A noticeable trend is the move toward "just in time" data strategies. Rather than preloading all information, agents store lightweight identifiers and fetch data only when needed. Anthropic's coding tool Claude Code, for example, analyzes complex data by loading only what it needs, keeping the context window lean.

For longer tasks, Anthropic has identified three main tactics:
- Compacting: Summarizing conversations near the context window limit and restarting with a compressed summary.
- Structured notes: Saving persistent information outside the context window.
- Sub-agent architectures: Assigning specialized agents to focused tasks, with the main agent only receiving condensed summaries.
Attention as a bottleneck
These strategies aim to work around the limitations of LLMs. As context windows get bigger, models often face "context rot"—the more tokens, the harder it is for them to retrieve the right information.
This problem is baked into the transformer architecture. Every token relates to every other token, meaning the number of relationships grows as n² for n tokens. With a limited "attention budget," LLMs can quickly get overwhelmed as context grows.

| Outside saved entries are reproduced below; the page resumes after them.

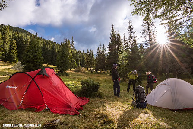 Egyébként jól telt az éjszakánk, csendben és nyugalomban. A sátrakban +8 fokot mértünk hajnalban, ami teljesen normális volt ebben az évszakban és magasságban. A mi csapatunkon kívül csak egyetlen másik sátor volt a réten, ilyenkor már nem jellemző a nyáron tapasztalható nyüzsgés. Viszont a hegyimentők még itt vannak a rét felső végében található házban. Vízvételezési lehetőséget is a ház mögött találhatunk.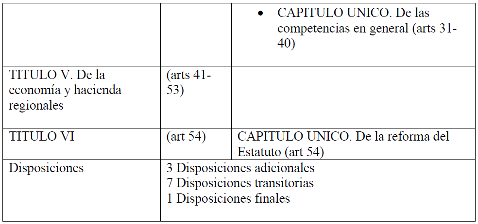 El Estatuto de Autonomía es la norma institucional básica de la región, consta de 54 artículos y se estructura en un Título Preliminar, 6 Títulos, 2 disposiciones adicionales, siete disposiciones transitorias y una disposición final.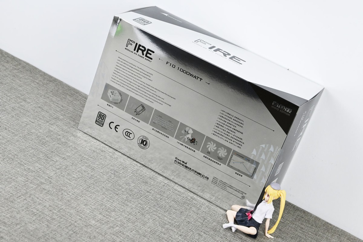 相比之前Fire系列黑色版电源,管家本次入手的长城猎金Fire F10 ATX3.1白金全模组电源白色版(下文简称“F10 ATX3.1白色版”)包装上做了定制化处理,在黑色版银黑配色主题基础上做了反色处理,并在包装表面标明白色版字样,颇有巧思;从包装可以看出电源支持ATX3.1和PCIE5.1,并通过了80PLUS 115V白金牌效率认证,作为长城猎金高端系列, F10 ATX3.1白色版支持10年质保服务。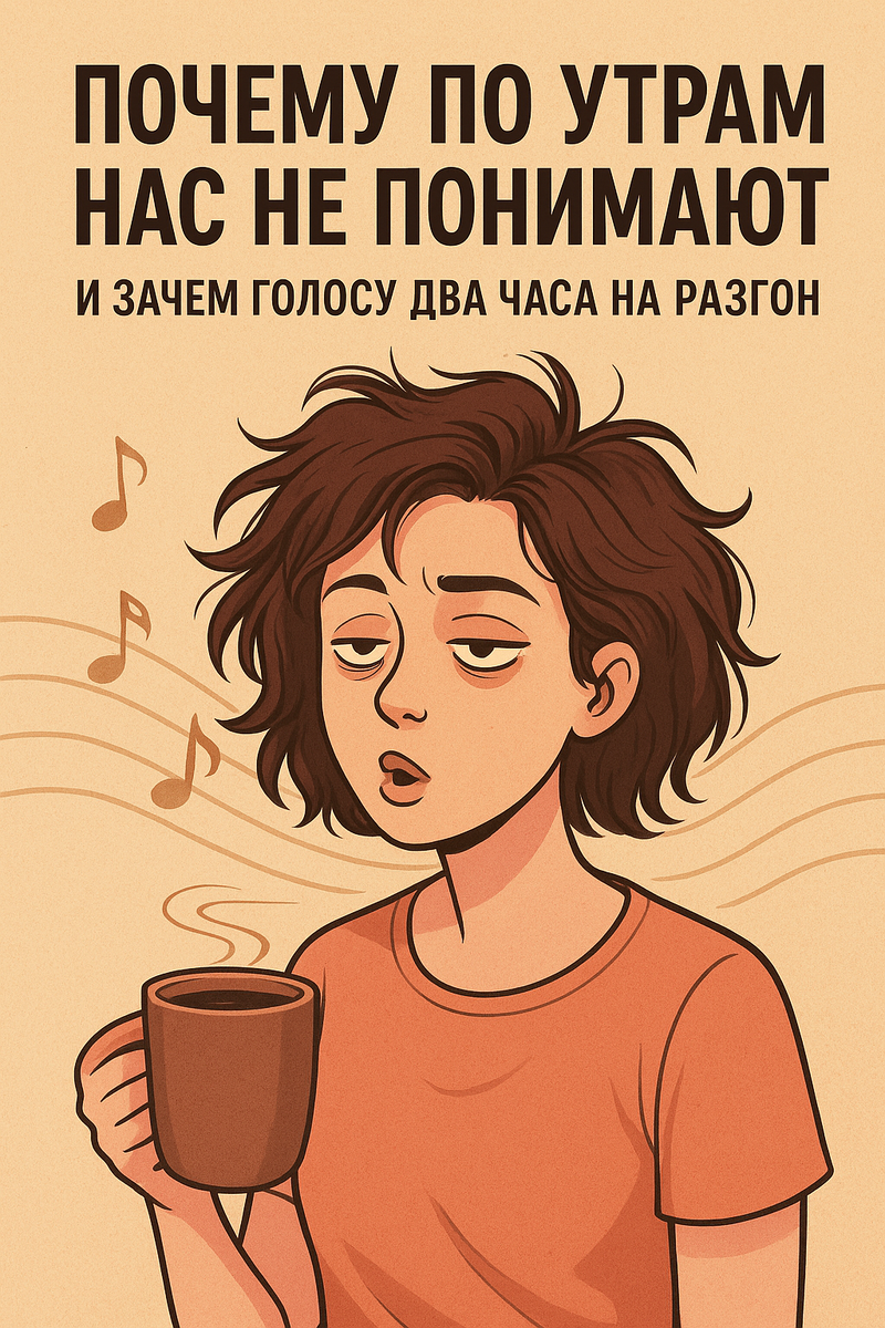 Вы когда-нибудь пытались сказать что-то близкому человеку сразу после пробуждения? Нет? Поздравляю — вы либо не живёте с людьми, либо говорите на одном языке со сном. А теперь представьте: ваш молодой человек утром смотрит на вас, как будто вы только что изобрели новый диалект: «Я не понимаю твой язык. Ты вообще на человеческом сейчас?» И да, вы понимаете его. Голос низкий, слова склеиваются, артикуляция будто в отпуске, а мозг думает исключительно о кофе. И вот тут начинается самое интересное. Почему так происходит и как с этим бороться, если вы хотите петь, а не мычать? Голос утром — это спящий инструмент Ваш голос — это мышцы, связки и мозг. Ночью они отдыхают. Связки пересохли и потеряли эластичность, звук выходит глухой. Мышцы артикуляции ленятся, язык и губы склеиваются. Мозг ещё не подключился к речевым зонам — он думает о кофе, завтракe и миллионе мелочей. Результат? «Доброе утро» звучит как смесь «мррр» и «ффф». Близкие не понимают вас — и это нормально. Два часа на разг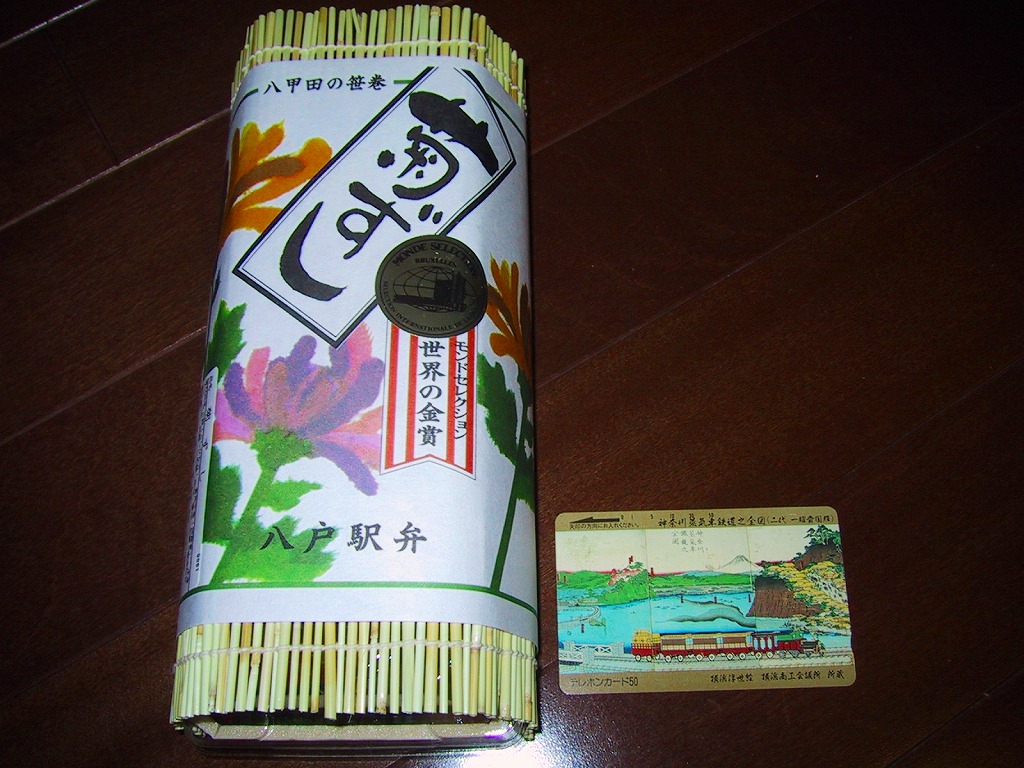 青森県のJR東北本線八戸駅へ、2002(平成14)年12月1日(日)に、新たな駅弁業者「ニュー八」が進出する。同日の東北新幹線の八戸延伸開業を機に、地元の仕出し料理屋が駅弁を売り始める。同社の看板商品「菊ずし」(1,000円)は、食用菊を混ぜた酢飯にウニ・イカ・ホタテなどを載せて笹の葉で包む押し寿司。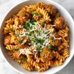 This Easy Pasta with Turkey Meatballs recipe features lean turkey meatballs cooked in a savory marinara sauce, served over your choice of pasta and garnished with fresh basil. It’s a wholesome, flavorful dish perfect for a comforting weeknight dinner that combines simplicity with a nutritious twist.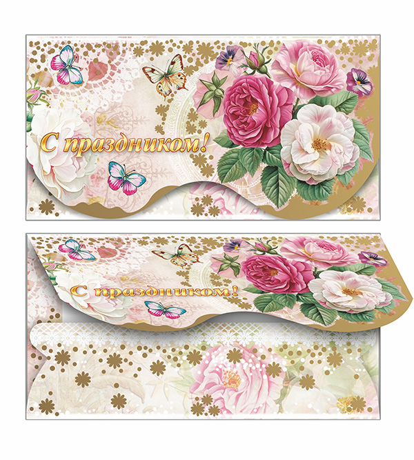 Конверт для денег жен.”С Праздником” 18*8,5 см10 шт/уп 00118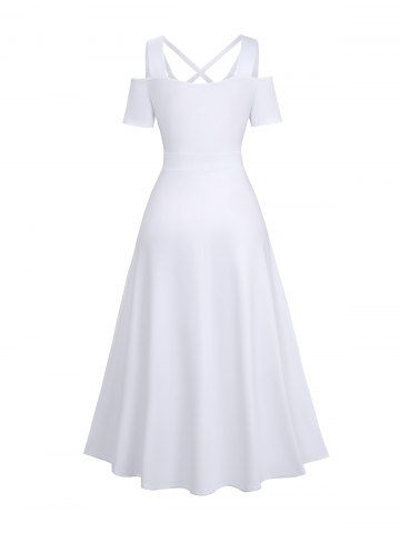 Robe Ligne A à Bretelle Croisée à Epaule Dénudée en Couleur Unie de Grande Taille - Blanc - Blanc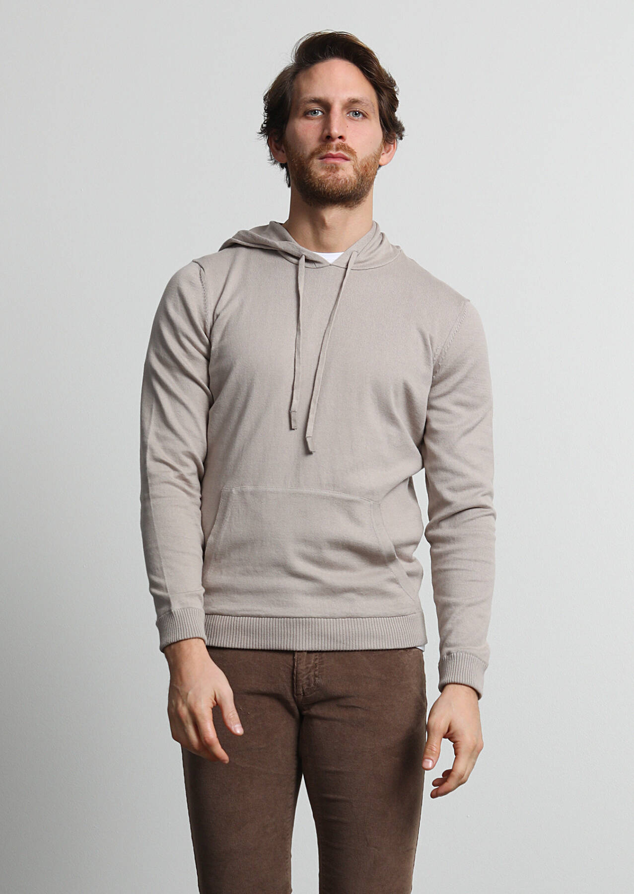 Bej Kapüşonlu Düz Örgü %100 Pamuk Triko Kazak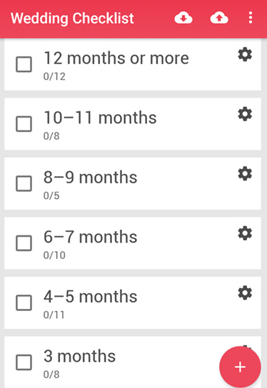 Jeżeli posługiwanie się językiem angielskim nie sprawia Ci problemu, to jestem przekonana, że ta aplikacja przypadnie Ci do gustu. W pewnym stopniu jest połączona z poprzednią, ale zdecydowanie bardziej rozbudowana pod kątem planowania działań. Wszystkie zadania macie podzielone etapami. Aplikacja podpowiada Wam, co powinniście wykonać rok przed ślubem, kilka miesięcy wcześniej, itd. Po kliknięciu na konkretny okres czasu, aplikacja zada Wam pytania, czy zostały wykonane zadania, które musicie załatwić w tym czasie. Możecie dowolnie modyfikować pytania, usuwać niepotrzebne, oraz dodawać te, które uważacie za słuszne.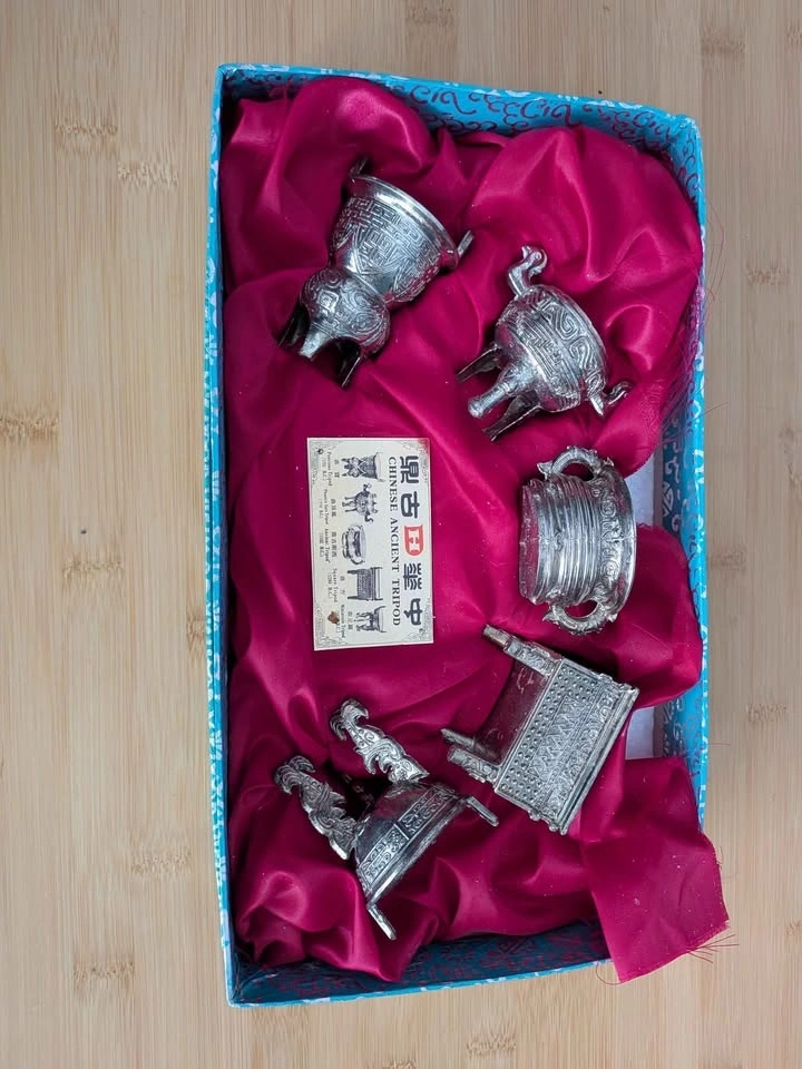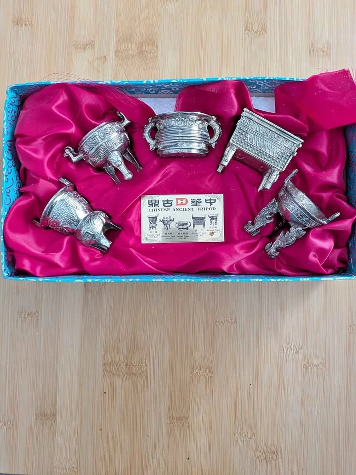 These miniature tripod vessels, inspired by the ancient Chinese ding (鼎), beautifully capture the traditional form of these iconic ritual objects. In Chinese history, dings symbolized authority, reverence, and ancestral honor, often used in ceremonies and offerings. This vintage set of five copper metal replicas showcases classic shapes and decorative details, making them ideal for collectors of Asian art, décor enthusiasts, or those interested in cultural symbolism.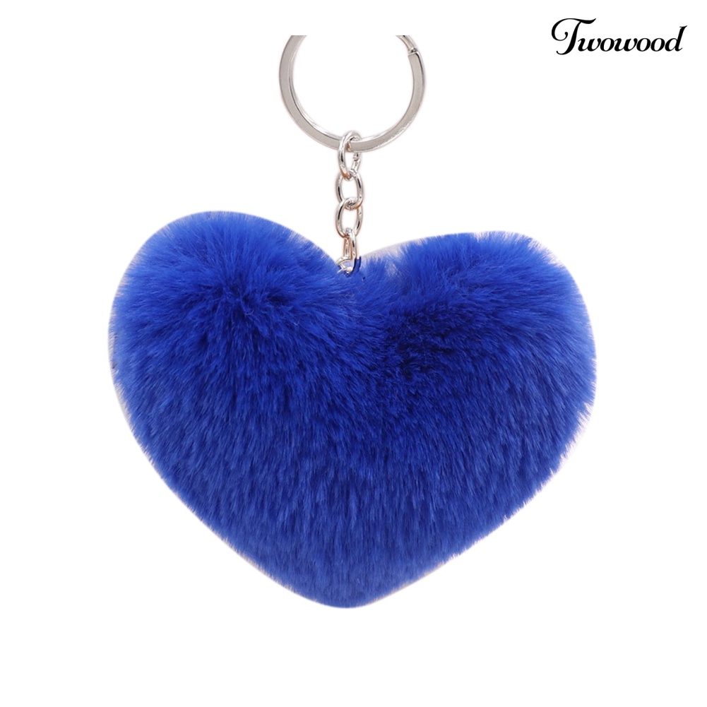 Detail Twowood Fluffy Love Heart Keychain Key Ring Liontin Handbag Tas Dompet Bulu Imitasi Dekorasi
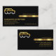 Card features an all black cover that is accentuated by a faux gold stripe near the center of the card. Just above this is the business name with a gold auto car logo you can use on the left. Below this logo lies your prestigious name, the job title and its contact details. A slogan to advertise your services is available at the lower right corner.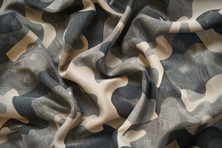 Detailed view of fabric with camo pattern in muted shades for stealthy applications, A camouflage print in muted shades for a stealthy look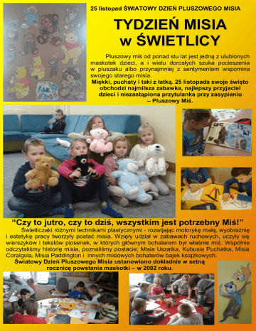 25 listopad ŚWIATOWY DZIEŃ PLUSZOWEGO MISIA TYDZIEŃ MISIA w ŚWIETLICY Pluszowy miś od ponad stu lat jest jedną z ulubionych maskotek dzieci, a i wielu dorosłych szuka pocieszenia w pluszaku albo przynajmniej z sentymentem wspomina swojego starego misia. Miękki, puchaty i taki z łatką. 25 listopada swoje święto obchodzi najmilsza zabawka, najlepszy przyjaciel dzieci i niezastąpiona przytulanka przy zasypianiu – Pluszowy Miś. “Czy to jutro, czy to dziś, wszystkim jest potrzebny Miś!” Świetliczaki różnymi technikami plastycznymi - rozwijając motorykę małą, wyobraźnię i estetykę pracy tworzyły postać misia. Wzięły udział w zabawach ruchowych, uczyły się wierszyków i tekstów piosenek, w których głównym bohaterem był właśnie miś. Wspólnie odczytaliśmy historię misia, poznaliśmy postacie; Misia Uszatka, Kubusia Puchatka, Misia Coralgola, Misia Paddington i innych misiowych bohaterów bajek książkowych. Światowy Dzień Pluszowego Misia ustanowiono dokładnie w setną rocznicę powstania maskotki – w 2002 roku. Miś Pluszowy, a szczególnie ten nasz, wyjątkowy i ukochany, nie jest zwykłą, pluszową zabawką. Nie, nie! Taki Miś, po to misiem jest, żeby było kogo tulić, kiedy pada deszcz. Ma duże uszy, żeby mieć coś do targania i kochania. W końcu Miś ma bardzo miękkie łapki, za które możemy trzymać, kiedy tylko chcemy. ..Miś z zajęć komputerowych dla świetliczków: wychowawcy świetlicy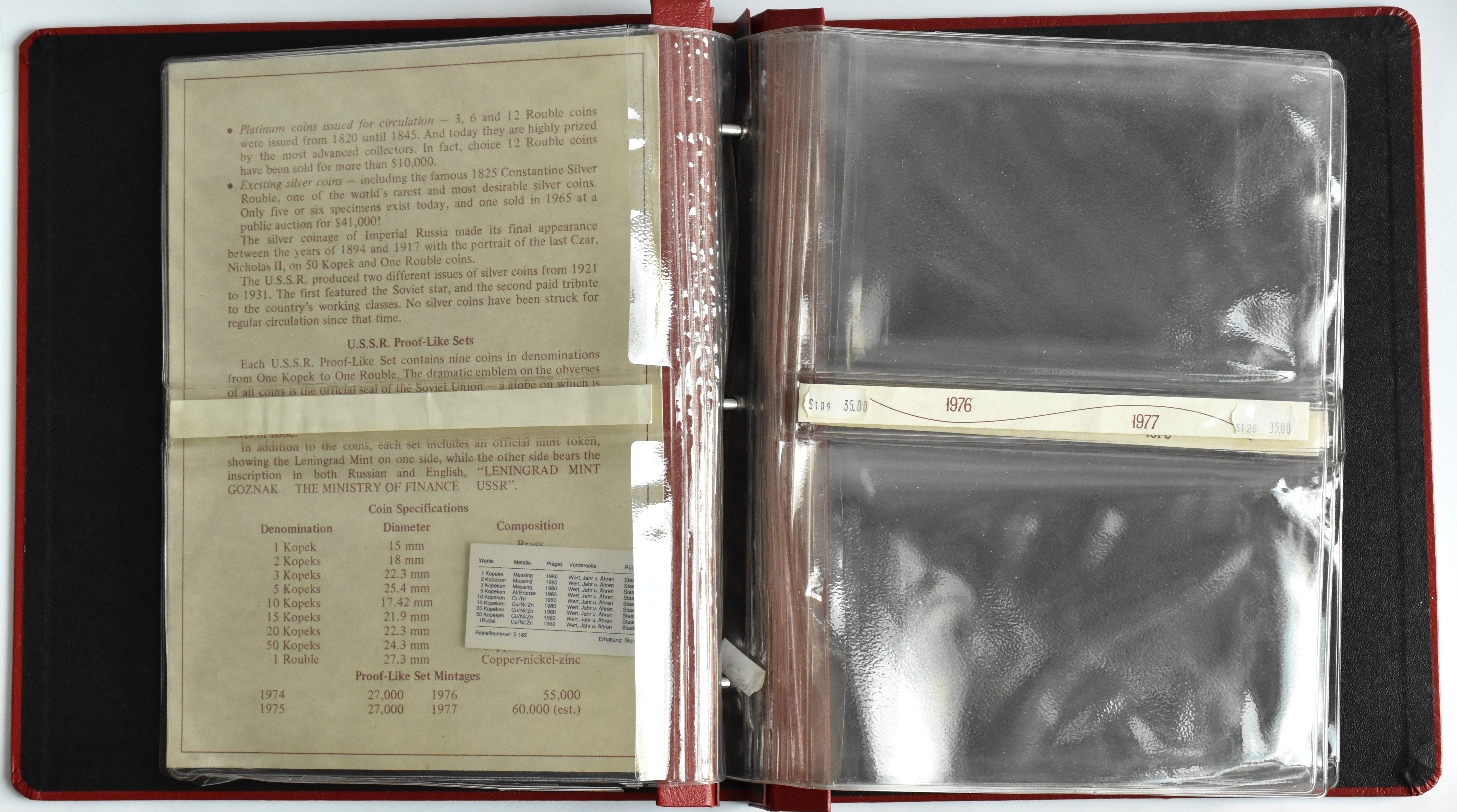 ZSRR, klaser na sety monet 1974-1980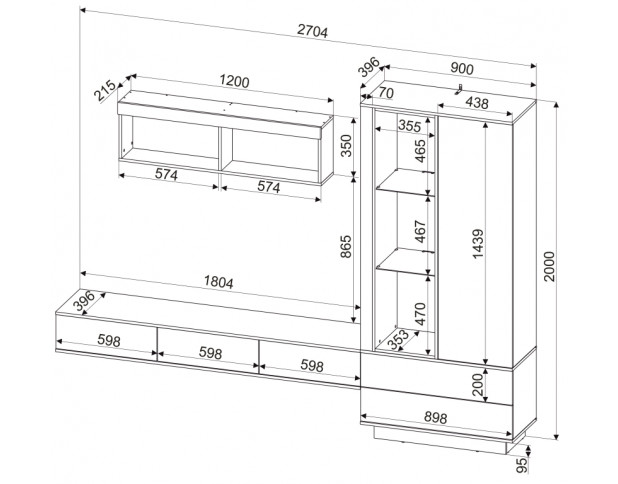 Размер (ШхГхВ): 3200х460х2000 мм. Материал: ЛДСП.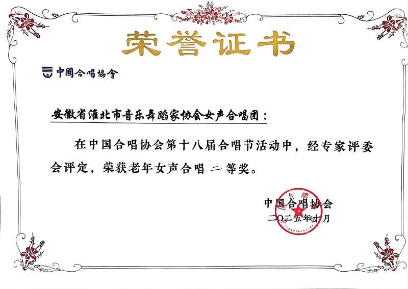 2025年10月15日,由中国合唱协会主办的中国合唱协会第十八届合唱节在青岛圆满落下帷幕。本届合唱节以“山海天籁・歌涌青岛”为主题,吸引了来自全国各地的60余支优秀合唱团队齐聚一堂,成为全国合唱艺术领域的一次盛会。合唱节共历时4天,期间举办了5场精彩展演,各合唱团队集中演绎了多部经典合唱作品,展现了新时代中国合唱艺术的合唱艺术的多元风貌与深厚底蕴。淮北市音乐舞蹈家协会女声合唱团用歌声传递情感,用和声凝聚力量,这支由热爱合唱的歌者组成的团队,在全国众多顶尖合唱团队、3000余名参赛者中脱颖而出,凭借精湛演绎,勇夺女声合唱(老年组)二等奖,生动诠释了淮北文艺界的昂扬精神风貌。

Managing memory and tokens
Anthropic's Claude 4.5 Sonnet rollout included a new memory tool, now in public beta. This lets agents build persistent knowledge bases, with developers deciding where and how data gets stored. Claude can create, read, and edit files in a memory directory that carries over between conversations.
Anthropic claims notable gains from these features. In internal tests, combining the Memory Tool with Context Editing improved agent-based search performance by 39 percent; context editing alone brought a 29 percent bump. In a 100-round web search, token consumption reportedly dropped by 84 percent.
The new tools are available in public beta on the Claude Developer Platform, including integrations with Amazon Bedrock and Google Cloud Vertex AI. Anthropic also provides step-by-step documentation and a cookbook for developers.